Highlights & Insights¶
- Methodological value outweighs "new model" value: By systematically answering foundational questions for inpainting alignment through extensive experimentation, the paper provides a strong, reproducible baseline with significant guidance for future research.
- Ensembling to cancel bias is a simple yet universal insight: This applies beyond inpainting to any preference alignment task relying on off-the-shelf reward models (T2I, video generation, etc.).
- Concrete attribution of reward hacking: Identifying specific visual biases (brightness/composition/color) and the "personality match" between reward models and baselines provides more actionable insights than vague mentions of "hacking."
- Robustness across paradigms: Validated on both U-Net+DDPM (BrushNet) and Transformer+Flow (FLUX.1 Fill), ensuring the universality of the conclusions.
Limitations & Future Work¶
- Reliance on GPT-4 as a "fair evaluator": This assumption remains strictly unproven; much of the conclusion's credibility rests on this "untested hypothesis."
- Uniform average ranking in Ensemble: Superior ensemble strategies weighting models based on baseline personality or specific tasks were not explored.
- Qualitative bias characterization: Attribution relies on visual samples (brightness/palette); there is a lack of quantitative, automated tools for bias detection.
- Limited to inpainting: The effectiveness of "reward ensembling" in other generative tasks requires further systematic validation.
Related Work & Insights¶
- Preference Alignment: Evolutionary path from RLHF (PPO/GRPO) to DPO (Rafailov 2023) and visual Diffusion-DPO (Wallace 2024). While PrefPaint uses human-labeled reward models, this work enables scalability by ensembling public models.
- Reward Model Ecosystem: This work provides an empirical "health check" for models like CLIPScore, Aesthetic, ImageReward, PickScore, HPS, etc., as "data constructors."
- Inpainting Baselines: Proven effective across distinct paradigms like BrushNet (dual-branch U-Net) and FLUX.1 Fill (rectified flow transformer).
- Key Insight: In any scenario using off-the-shelf reward models for alignment, first scrutinize reliability and bias, then use simple ensembling to mitigate risks—this is often more cost-effective than developing complex alignment algorithms.
Rating¶
- Novelty: ⭐⭐⭐ — Uses mature DPO and simple ensemble; however, the systematic research perspective and the "ensemble for bias cancellation" insights are fresh.
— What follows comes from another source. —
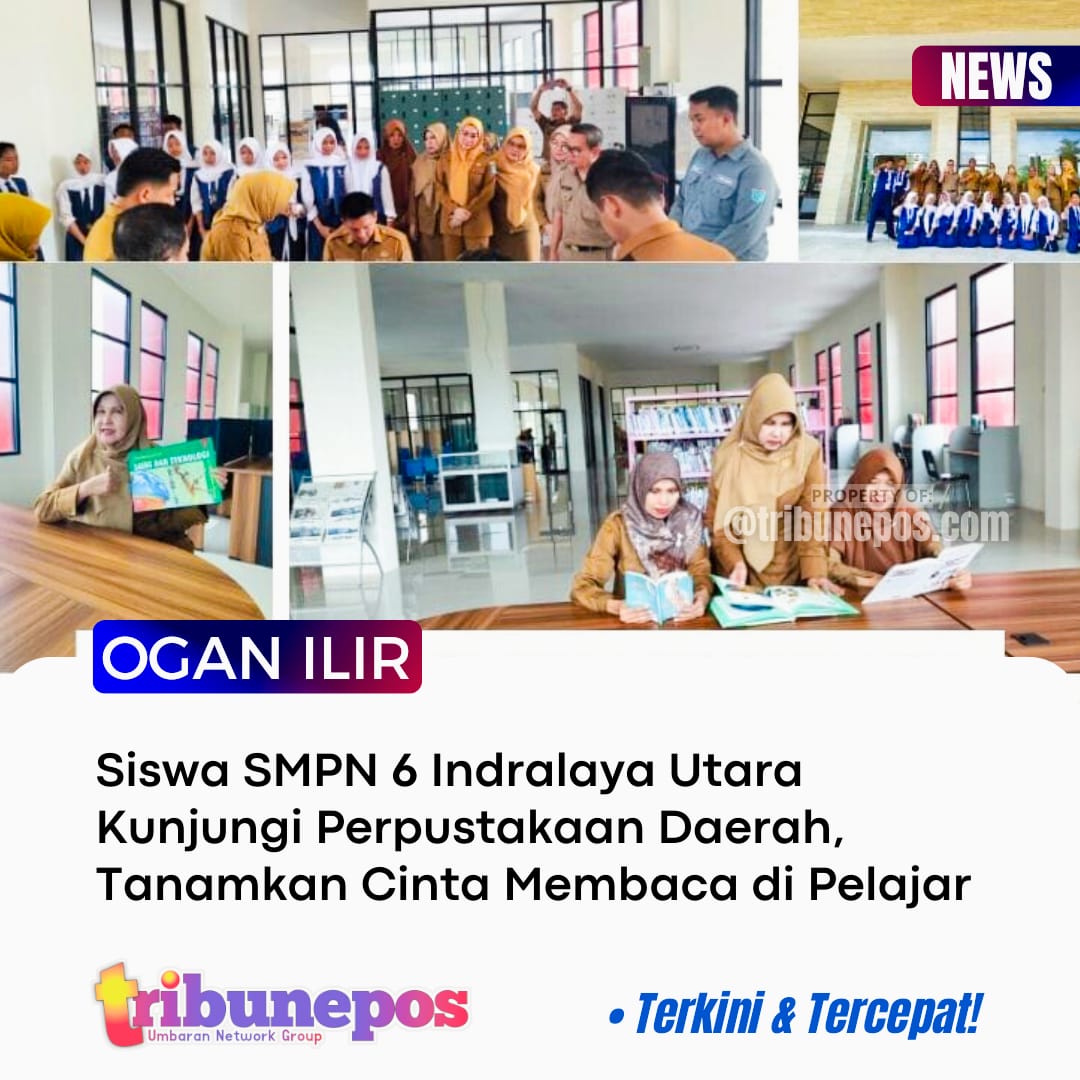 OGAN ILIR, TRIBUNEPOS — Suasana Perpustakaan Daerah Kabupaten Ogan Ilir tampak lebih ramai dari biasanya. Rombongan siswa SMP Negeri 6 Indralaya Utara datang berkunjung dalam kegiatan kunjungan edukatif literasi yang digelar untuk menumbuhkan minat baca dan memperkenalkan fasilitas literasi publik kepada pelajar, Selasa (07/10/25).

- Experimental Thoroughness: ⭐⭐⭐⭐⭐ — Extensive coverage across 9 reward models, 2 baselines, 2 benchmarks, scaling analysis, bias attribution, SOTA comparison, and human/GPT-4 evaluation.
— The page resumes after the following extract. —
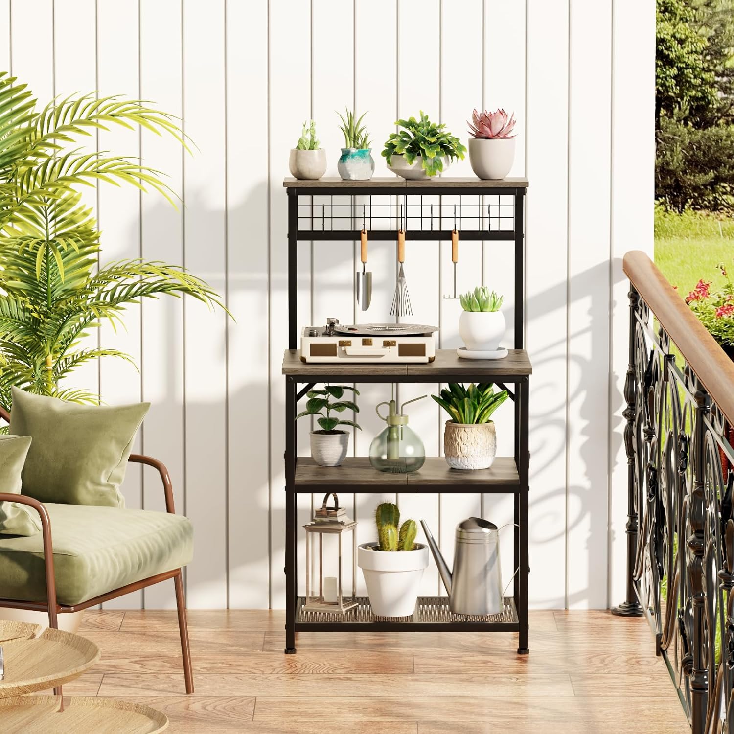 Furologee Kitchen Bakers Rack, Microwave Stand with Storage 4 Tiers, Coffee Bar Station with 6 S Hooks and Pegboard, Kitchen Shelves Rack for Spices, Pots, Black Oak

- Writing Quality: ⭐⭐⭐⭐ — Organized via "Problem-Discovery-Conclusion," with clear findings and effective visualization, though dense tables can be overwhelming.
- Value: ⭐⭐⭐⭐ — Establishes a strong baseline for inpainting alignment; insights on reward ensembling and hacking attribution are highly relevant to the broader visual alignment community.